**Exercise instructions:** Only the lines in the entries below from the line with "爱马仕金合欢黄哑光短吻鳄皮20公分迷你凯莉包二代,配镀金金属件,2021年" to the line with "Gazmetr, магазин по", both included, belong in the answer, transcribed exactly and without pictures.

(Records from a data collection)
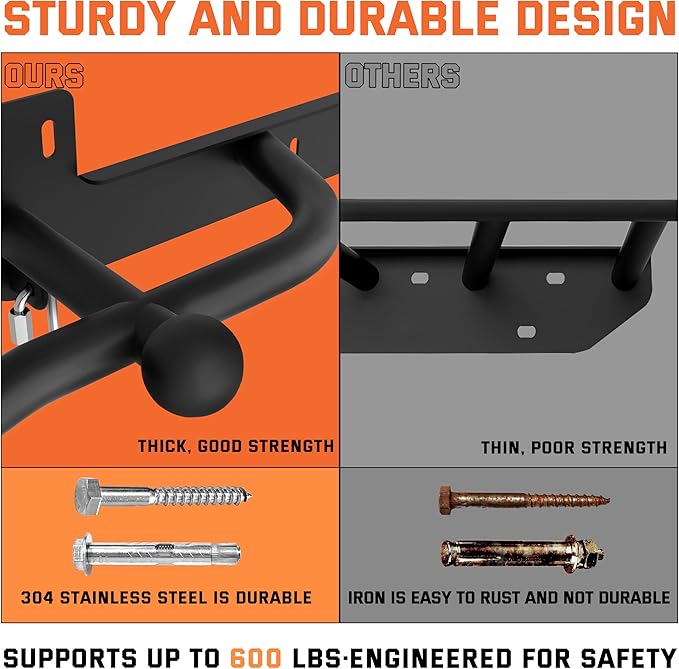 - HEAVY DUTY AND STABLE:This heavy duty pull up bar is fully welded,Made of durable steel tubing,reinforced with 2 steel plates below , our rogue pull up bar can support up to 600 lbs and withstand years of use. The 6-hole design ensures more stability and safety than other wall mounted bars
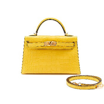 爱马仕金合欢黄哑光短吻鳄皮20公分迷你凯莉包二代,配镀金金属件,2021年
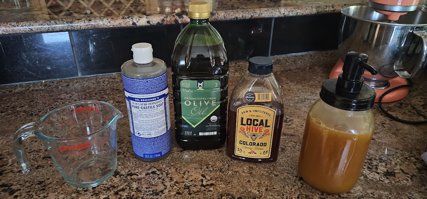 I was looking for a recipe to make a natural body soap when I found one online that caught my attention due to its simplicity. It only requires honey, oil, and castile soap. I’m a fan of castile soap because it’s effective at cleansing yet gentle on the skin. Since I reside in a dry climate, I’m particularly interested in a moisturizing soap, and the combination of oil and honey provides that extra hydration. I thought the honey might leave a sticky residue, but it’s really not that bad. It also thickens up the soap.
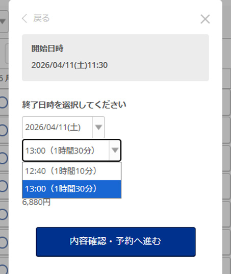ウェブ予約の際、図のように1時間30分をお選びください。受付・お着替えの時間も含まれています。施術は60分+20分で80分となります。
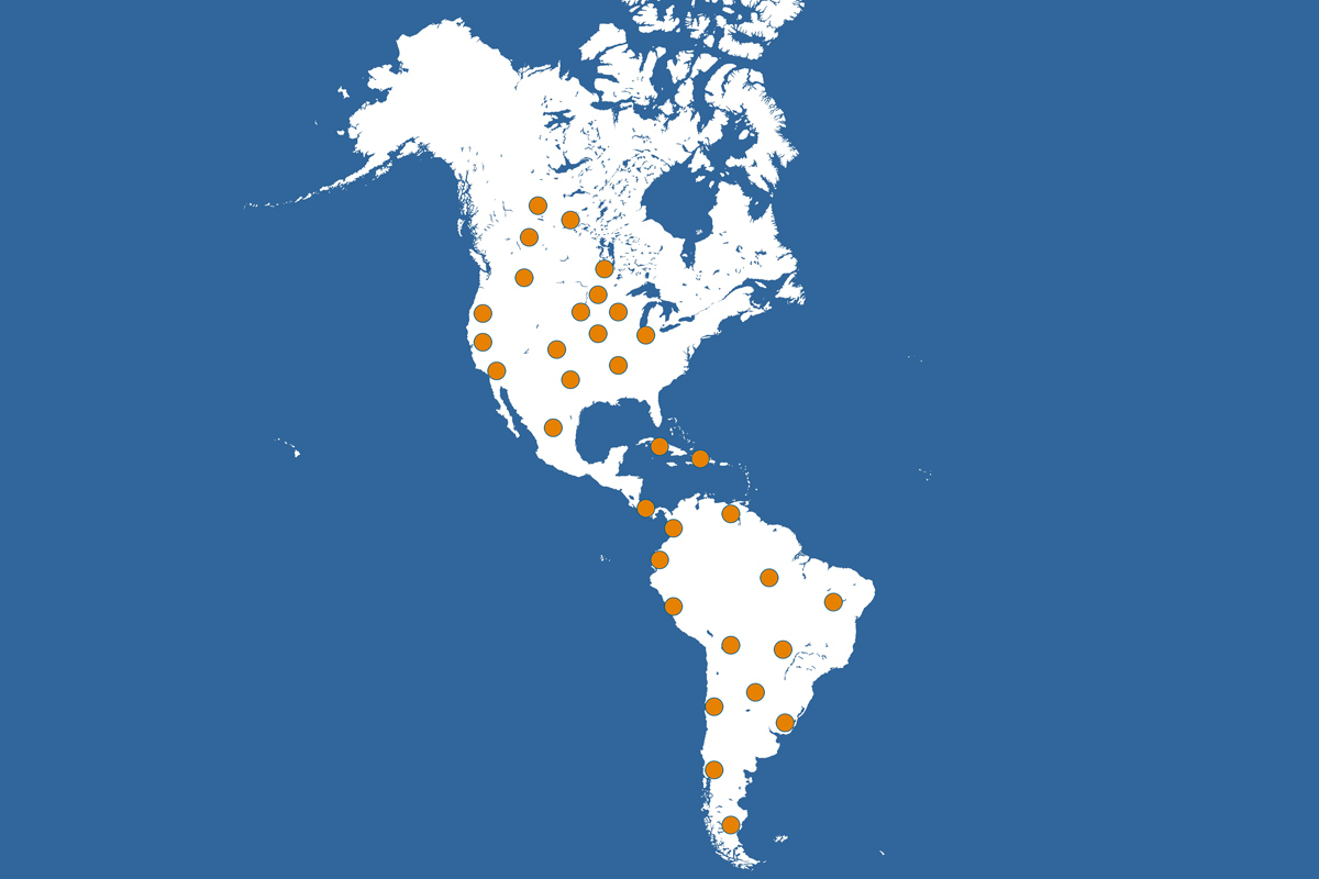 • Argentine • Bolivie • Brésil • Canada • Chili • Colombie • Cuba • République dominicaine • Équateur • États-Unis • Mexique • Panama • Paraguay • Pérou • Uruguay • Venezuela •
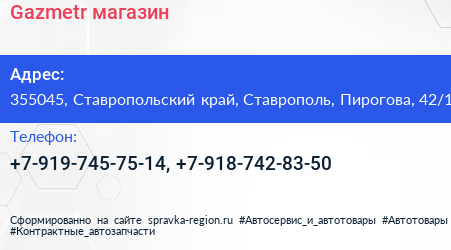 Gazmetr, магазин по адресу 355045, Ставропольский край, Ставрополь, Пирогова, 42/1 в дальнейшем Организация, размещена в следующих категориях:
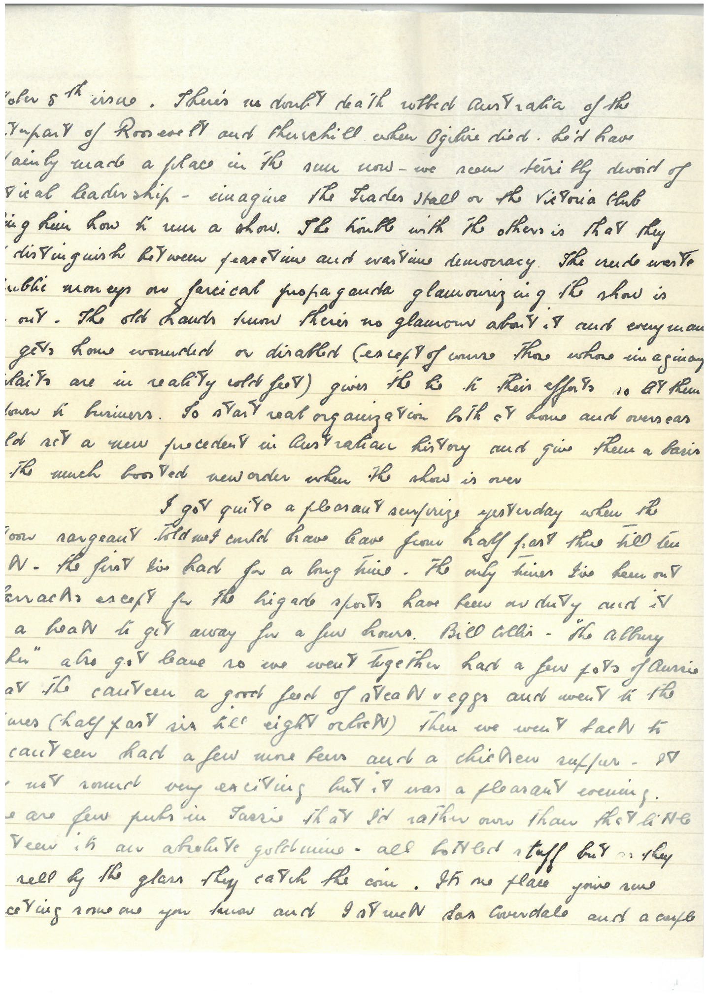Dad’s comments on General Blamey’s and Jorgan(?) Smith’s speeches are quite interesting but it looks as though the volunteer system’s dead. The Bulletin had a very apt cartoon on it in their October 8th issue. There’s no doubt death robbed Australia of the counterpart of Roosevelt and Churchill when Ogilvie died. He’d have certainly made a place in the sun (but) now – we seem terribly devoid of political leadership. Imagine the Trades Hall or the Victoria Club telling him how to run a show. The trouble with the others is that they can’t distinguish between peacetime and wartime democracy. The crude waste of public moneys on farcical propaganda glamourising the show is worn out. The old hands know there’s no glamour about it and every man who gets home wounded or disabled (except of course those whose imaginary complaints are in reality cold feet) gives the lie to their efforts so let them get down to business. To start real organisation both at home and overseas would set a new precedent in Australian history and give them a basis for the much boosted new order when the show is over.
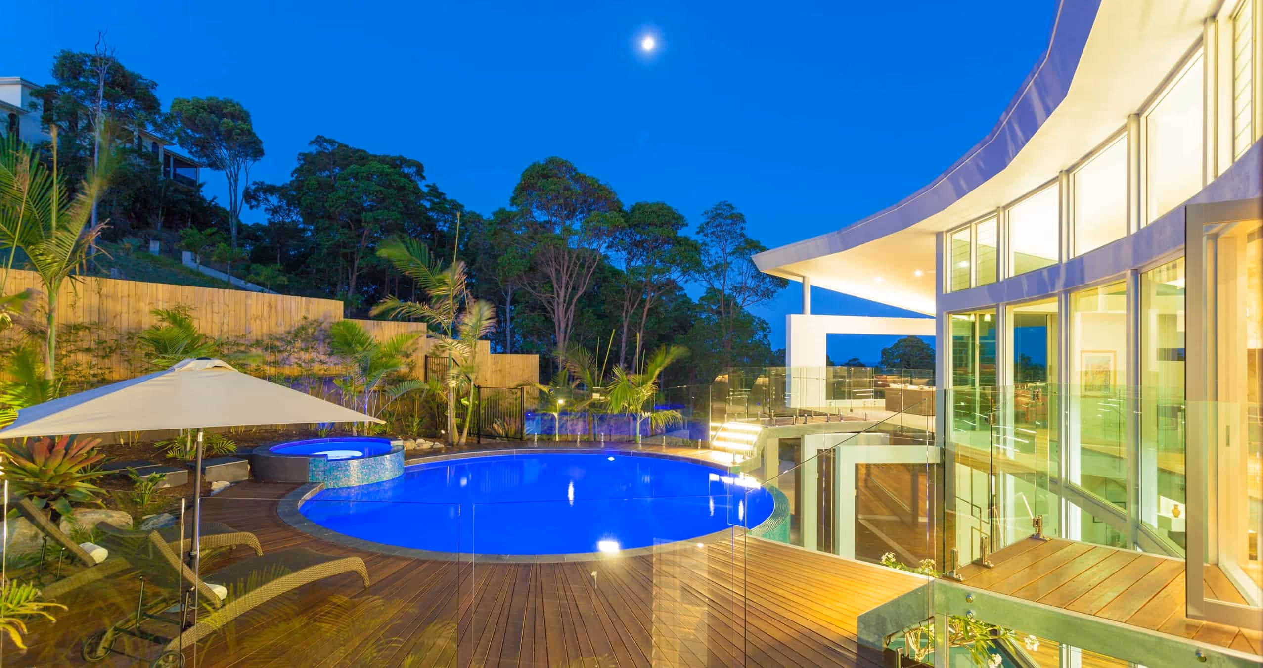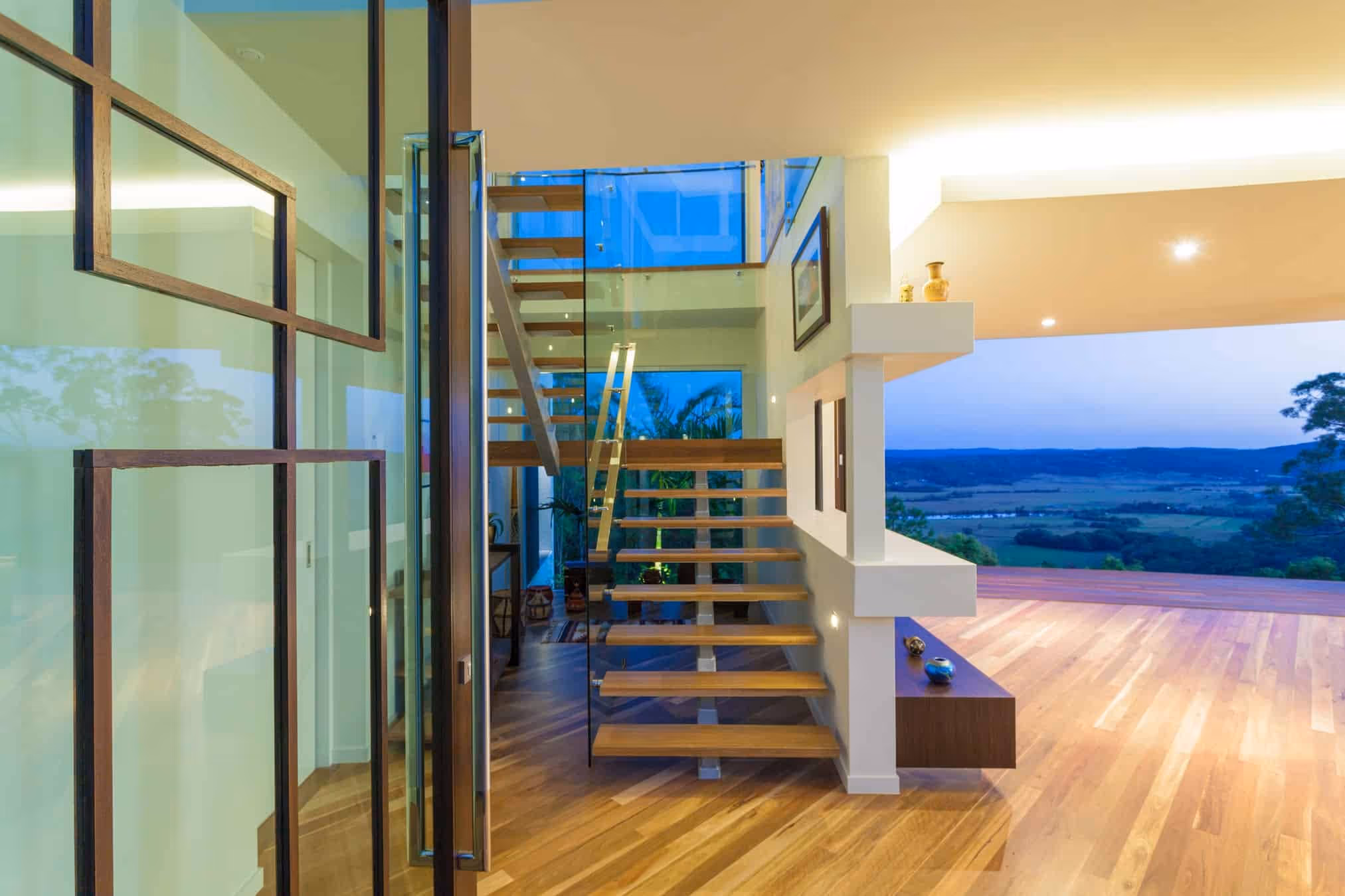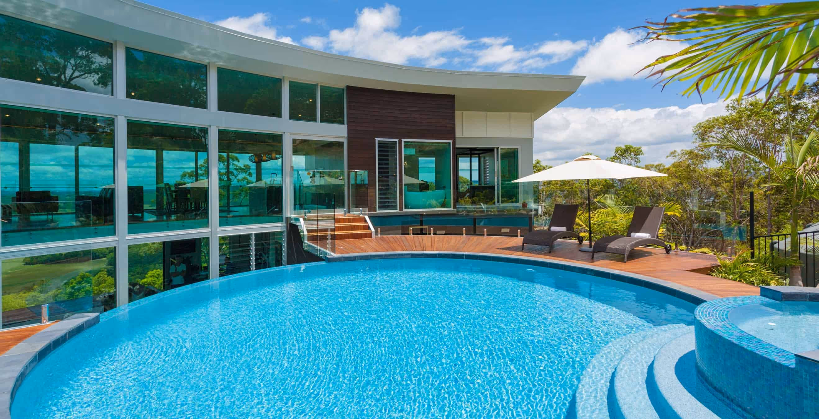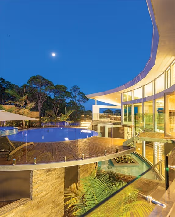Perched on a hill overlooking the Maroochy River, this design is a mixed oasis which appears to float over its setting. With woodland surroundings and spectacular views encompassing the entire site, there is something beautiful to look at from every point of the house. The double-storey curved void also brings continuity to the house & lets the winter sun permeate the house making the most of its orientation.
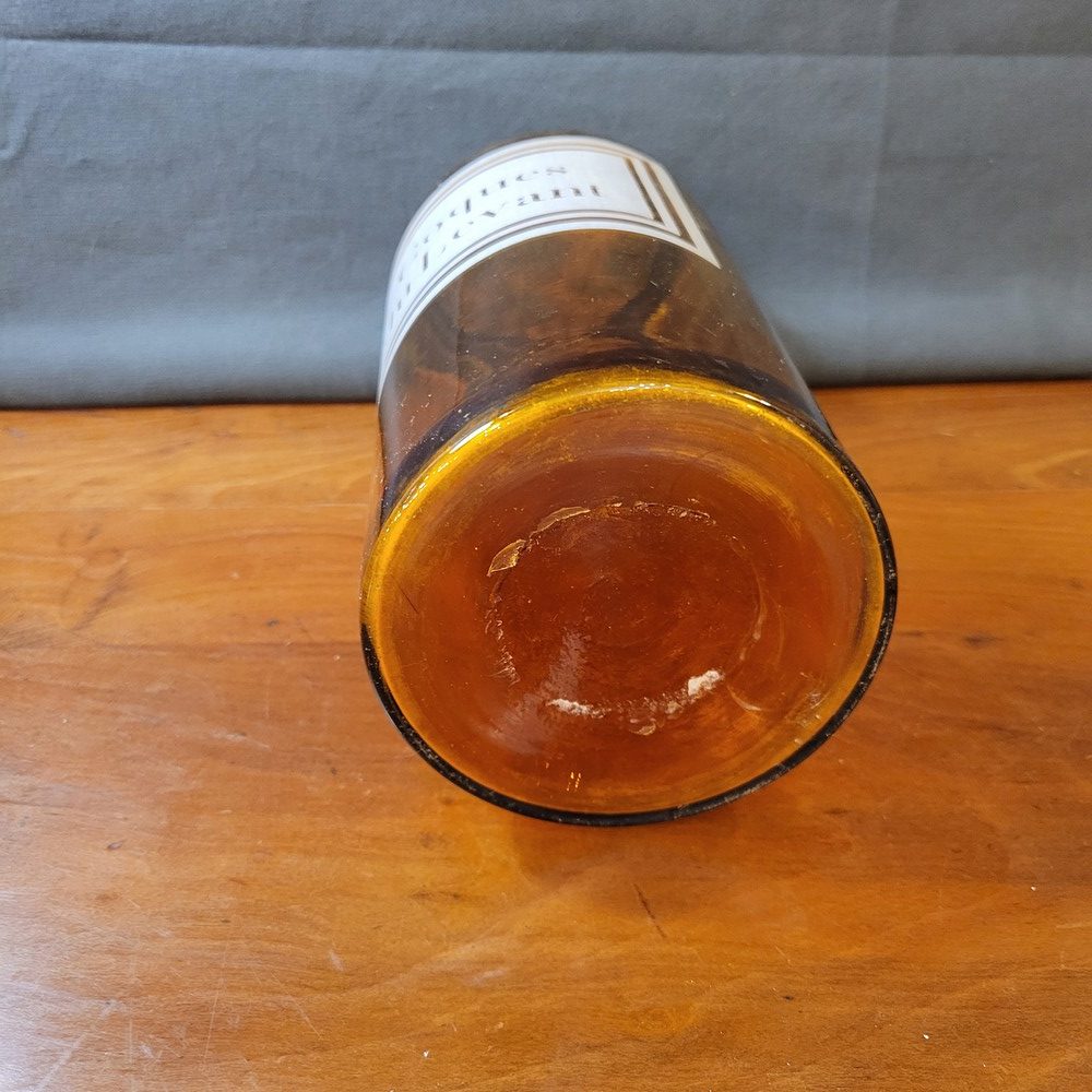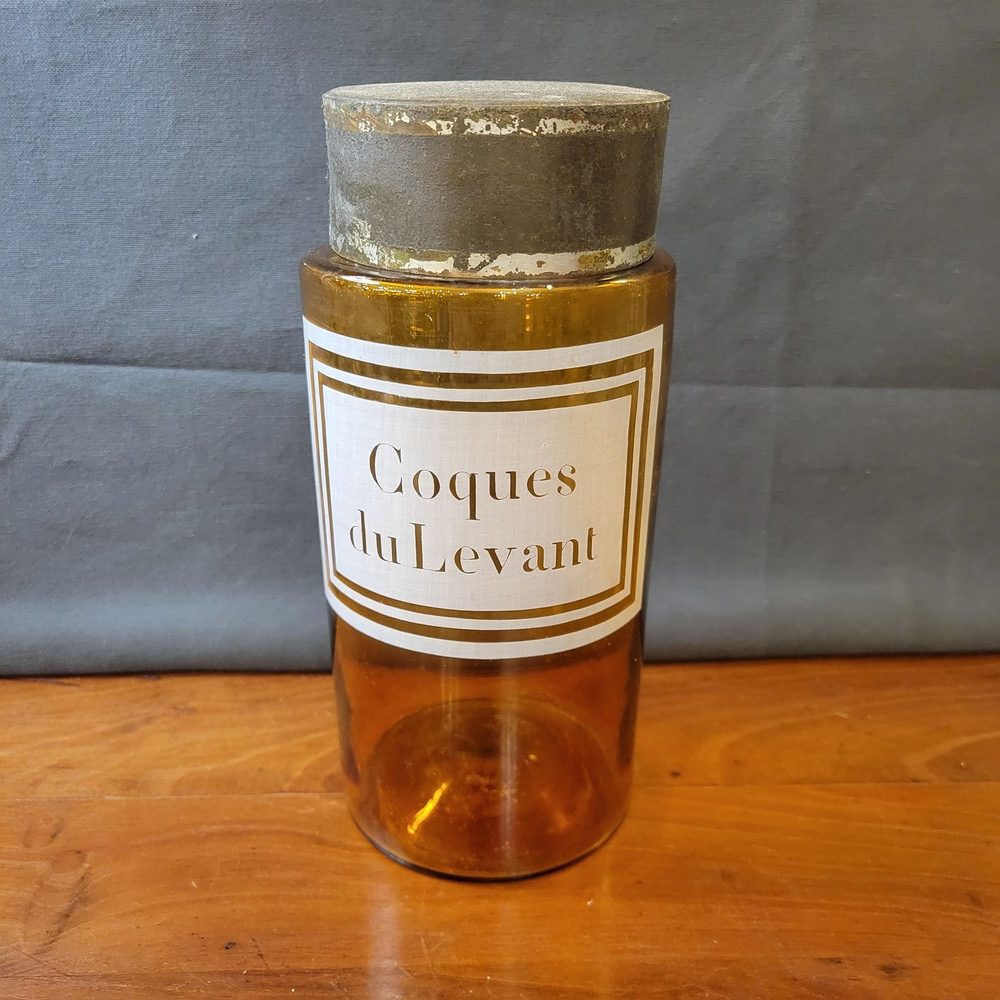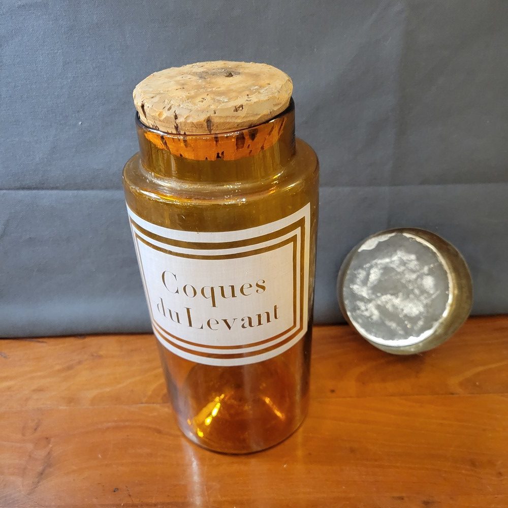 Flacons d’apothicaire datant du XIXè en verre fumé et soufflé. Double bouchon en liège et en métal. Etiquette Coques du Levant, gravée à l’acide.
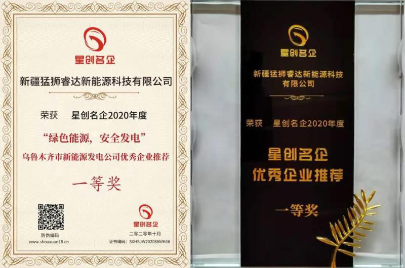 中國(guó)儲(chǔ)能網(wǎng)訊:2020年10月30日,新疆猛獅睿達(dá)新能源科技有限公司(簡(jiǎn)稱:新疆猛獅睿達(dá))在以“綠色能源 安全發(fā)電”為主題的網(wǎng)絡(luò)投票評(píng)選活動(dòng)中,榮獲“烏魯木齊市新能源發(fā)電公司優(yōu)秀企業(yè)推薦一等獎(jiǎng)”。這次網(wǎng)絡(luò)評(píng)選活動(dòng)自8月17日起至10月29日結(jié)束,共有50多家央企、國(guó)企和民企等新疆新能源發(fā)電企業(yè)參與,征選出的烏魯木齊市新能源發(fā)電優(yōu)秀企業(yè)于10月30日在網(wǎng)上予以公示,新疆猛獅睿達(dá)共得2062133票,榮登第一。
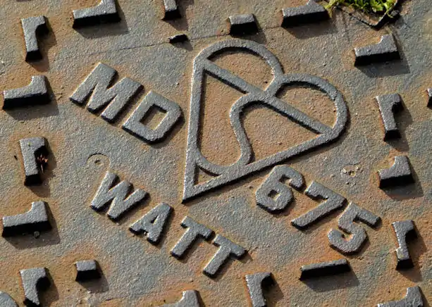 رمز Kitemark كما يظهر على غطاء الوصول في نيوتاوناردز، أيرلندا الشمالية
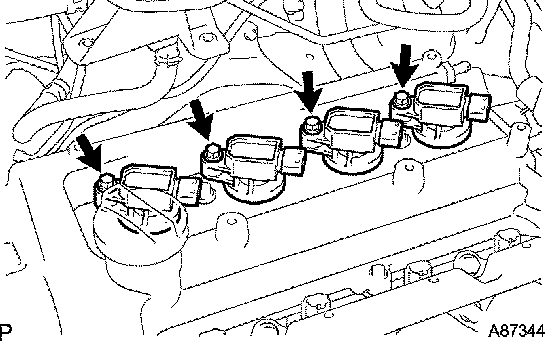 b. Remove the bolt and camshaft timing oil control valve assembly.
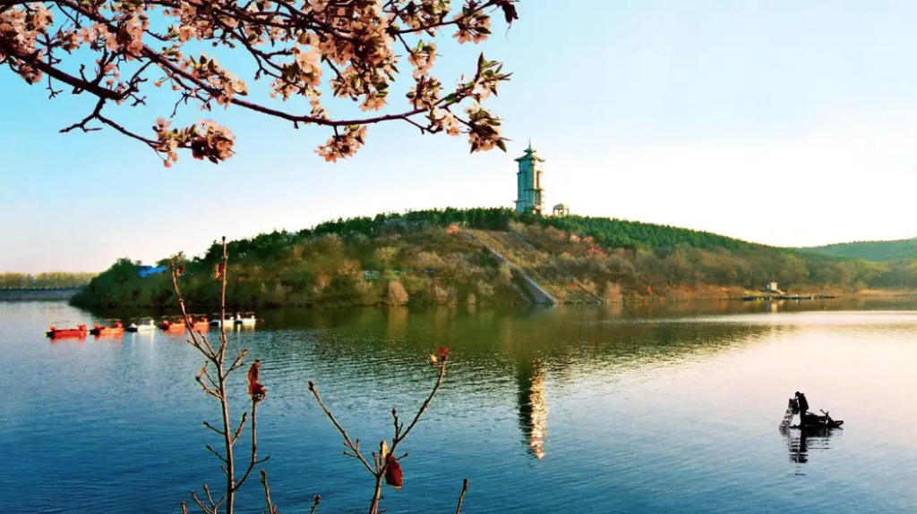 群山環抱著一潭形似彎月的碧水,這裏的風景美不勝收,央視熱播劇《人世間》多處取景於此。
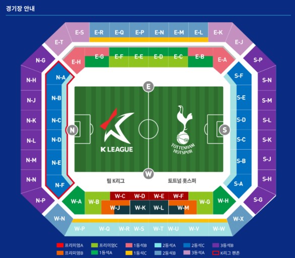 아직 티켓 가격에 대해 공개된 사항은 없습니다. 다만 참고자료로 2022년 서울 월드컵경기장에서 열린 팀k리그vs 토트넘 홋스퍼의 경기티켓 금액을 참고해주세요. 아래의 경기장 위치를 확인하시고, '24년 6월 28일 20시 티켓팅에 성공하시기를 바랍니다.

**Reply to the exercise:**
 爱马仕金合欢黄哑光短吻鳄皮20公分迷你凯莉包二代,配镀金金属件,2021年
 I was looking for a recipe to make a natural body soap when I found one online that caught my attention due to its simplicity. It only requires honey, oil, and castile soap. I’m a fan of castile soap because it’s effective at cleansing yet gentle on the skin. Since I reside in a dry climate, I’m particularly interested in a moisturizing soap, and the combination of oil and honey provides that extra hydration. I thought the honey might leave a sticky residue, but it’s really not that bad. It also thickens up the soap.
ウェブ予約の際、図のように1時間30分をお選びください。受付・お着替えの時間も含まれています。施術は60分+20分で80分となります。
 • Argentine • Bolivie • Brésil • Canada • Chili • Colombie • Cuba • République dominicaine • Équateur • États-Unis • Mexique • Panama • Paraguay • Pérou • Uruguay • Venezuela •
 Gazmetr, магазин по адресу 355045, Ставропольский край, Ставрополь, Пирогова, 42/1 в дальнейшем Организация, размещена в следующих категориях:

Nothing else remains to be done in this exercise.